Vermont is the latest state to sue Connecticut-based Purdue Pharma L.P. over its opioid drug, OxyContin, joining many others in the fight against the large manufacturer for sparking a nationwide epidemic.  The state is accusing the company of using deceptive marketing practices to advertise its painkillers as an appropriate treatment for chronic pain.

Vermont Attorney General T.J. Donovan said the pharmaceutical company’s opioid marketing was the “genesis” of a health crisis.  “Vermont has suffered too long,” he said. “Too many lives have been ruined.”

The 100-page complaint accuses the manufacturer of engaging in unfair, false, and misleading conduct by minimizing the serious risks of addiction; overstating the effectiveness of screening tools to prevent addiction; and failing to disclose or denying that the dangers of opioids increase with an increased dose.  The lawsuit seeks civil penalties, fees and costs and damages and calls for Purdue to change its practices.  It does not specify a monetary amount sought.

Vermont Files Lawsuit Against Opioid Manufacturer Purdue Pharma
Photo by Thought Catalog on Unsplash

Purdue has denied the allegations but has publicly stated it shares the concerns of those who have initiated litigation against it.  The manufacturer responded, “While our opioid medicines account for less than two percent of total prescriptions, we will continue to work collaboratively with the state toward bringing meaningful solutions to address this public health challenge.”
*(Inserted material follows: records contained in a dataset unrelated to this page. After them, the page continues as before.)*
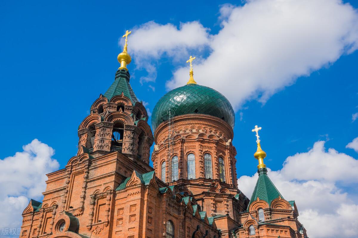 圣索菲亚大教堂是哈尔滨的著名地标,也是中国目前保存最完整的拜占庭式建筑。可以在外面拍照打卡,也可以进入内部参观(需要购买门票),绿色的洋葱头式大穹顶十分醒目,满满的异域风情。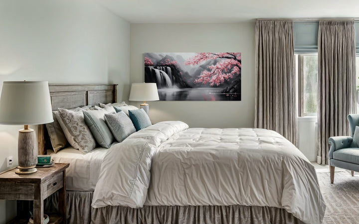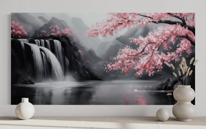 Toile encadrée représentant des fleurs de cerisier roses et une cascade grise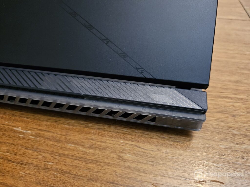 A primera vista el portátil es gigante con su pantalla de 18 pulgadas. Pero este es el formato escogido por ASUS para su portátil. Aun así, el equipo tiene un diseño futurista muy al estilo cyberpunk, con líneas que rompen los esquemas y una cubierta transparente que acentúa más el diseño gamer del portátil. Del mismo modo, una de las cosas que llama nuestra atención es la franja de iluminación LED, la que suma otro toque gamer al notebook. Por lo que en lo que respecta al diseño, el equipo tiene un aspecto muy agradable visualmente.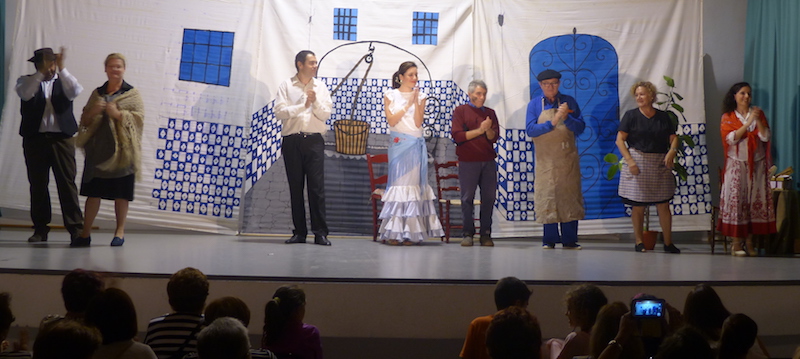 El grupo de teatro de la barriada llevó, con la representación de tres sainetes, las sonrisas a unos vecinos que desbordaron el aforo del salón de actos del local social.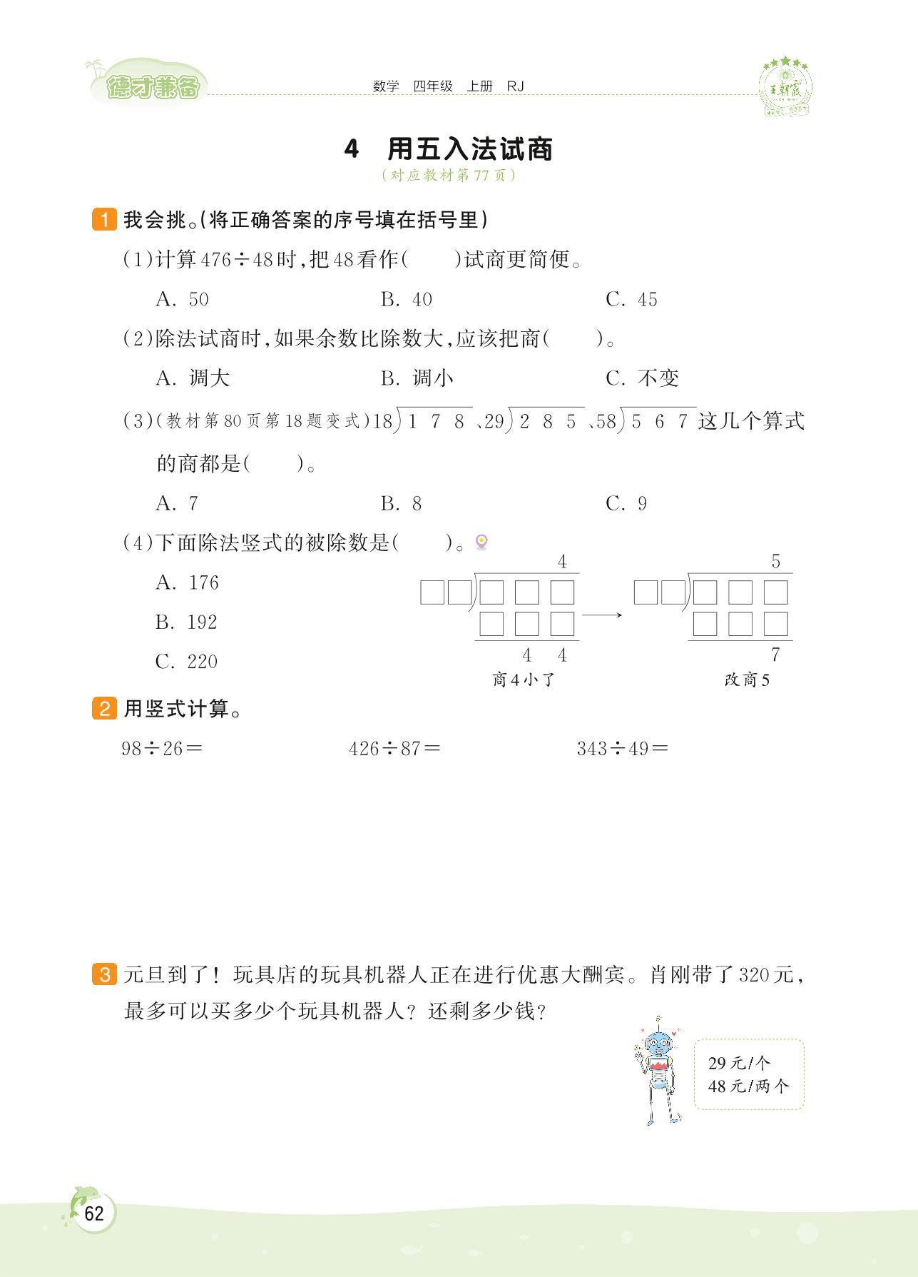 2022上册四年级数学人教版 第六单元 除数是两位数的除法——4 用五入法试商

A number of other states have filed similar lawsuits against the manufacturer alleging deceptive marketing tactics and claiming unfair and deceptive trade practices.  Patients receiving substance abuse treatment whose addictions started with prescription painkillers have said they were not warned they might become addicted to their medication.

The complaint indicates, “Purdue’s sales representatives regularly omitted from their visits to Vermont prescribers any discussion of the addiction risks that are plainly associated with long-term use of opioids.”  Donovan added, “Just ask any Vermonter.  Ask the thousands of Vermonters whose lives have been ruined by addiction.  Ask the hundreds of Vermonters who have lost a loved one to an overdose.  Ask any child who’s living in a home with an addicted parent or any grandparent who’s now parenting that child.”
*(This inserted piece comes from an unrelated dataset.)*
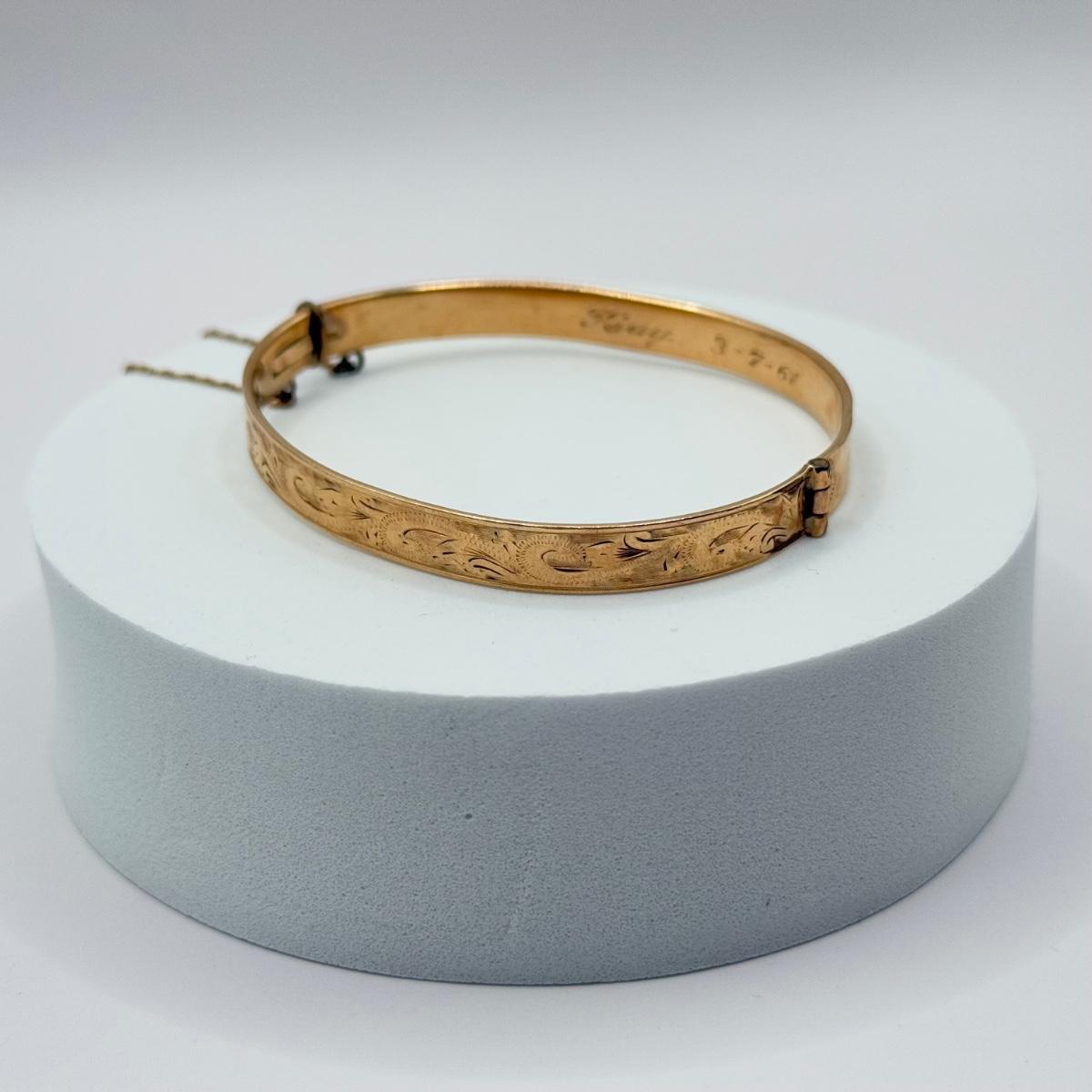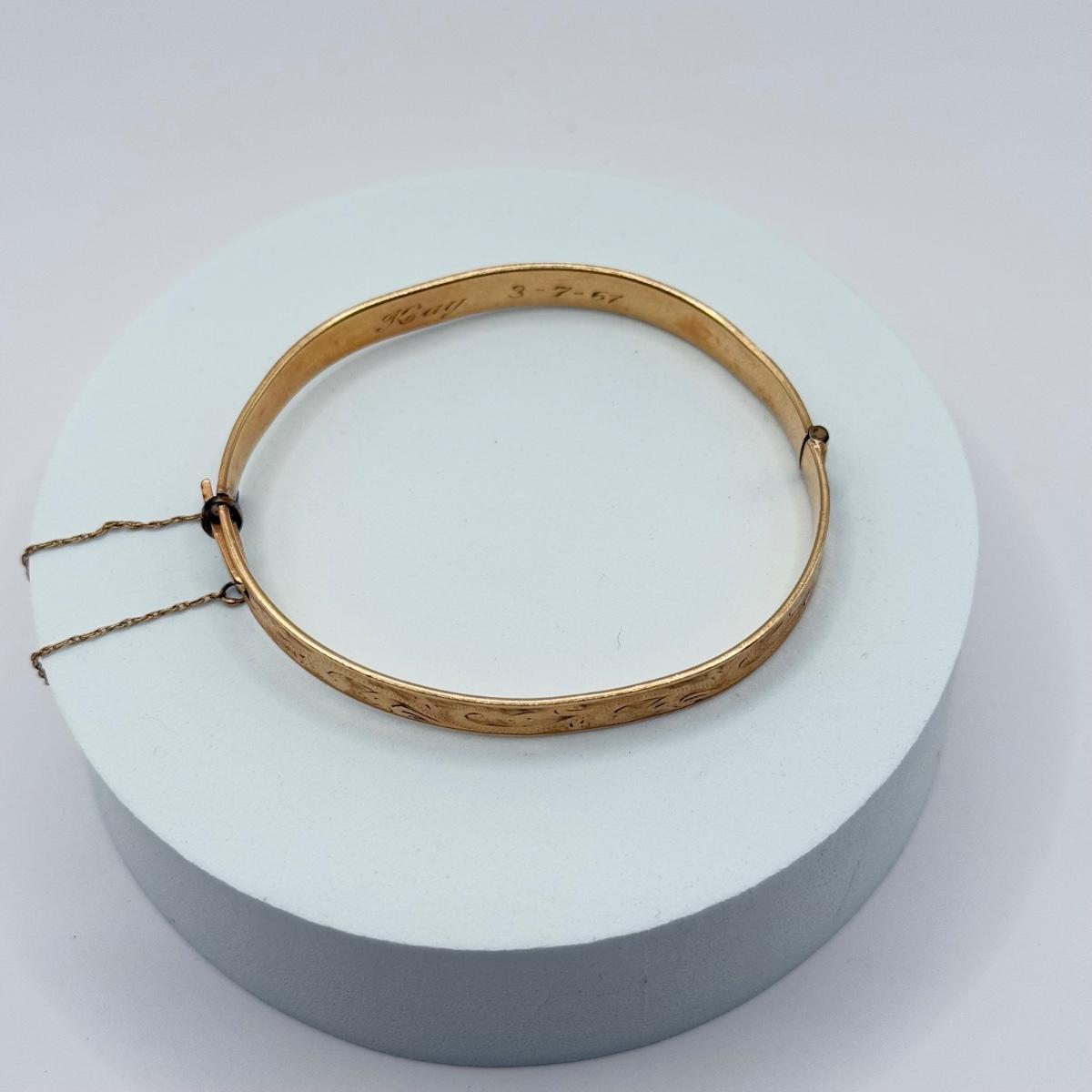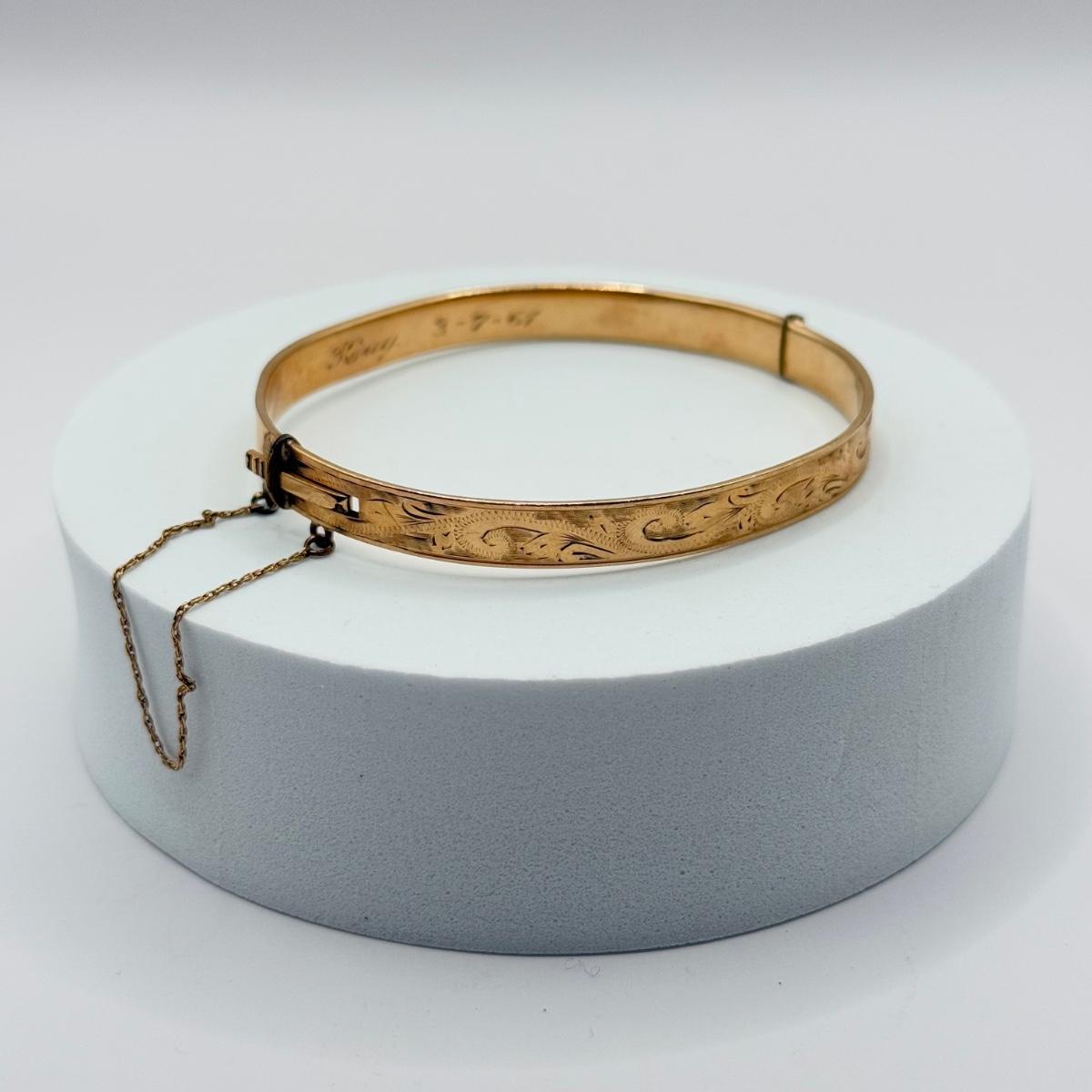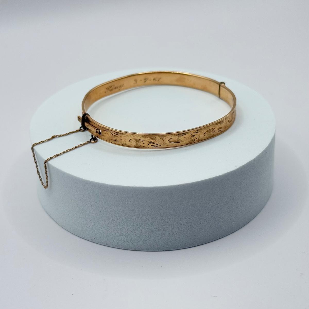 LOT 79J: Vintage 9ct Rolled Gold w/ Metal Core HG&S Hinged Bangle Bracelet w/ Safety Chain (12.9g)

In 2011, John Brooklyn, a Vermont-based family physician and addiction specialist began working with his colleagues on an idea to provide a more comprehensive response to the opioid crisis.  The program they came up with is modeled after the rest of the health care system. “The parallel universe would be cardiology or infectious disease, where if you get sick and your primary care doc can’t take care of you, you’d get referred to a cardiologist,” Brooklyn explained. “The nexus of this was really to try to integrate substance use treatment in primary care.”  That way, he added, “if [a doctor] had a patient that they didn’t really know what to do with, they could refer them to someone like myself who’s board-certified in addiction medicine.”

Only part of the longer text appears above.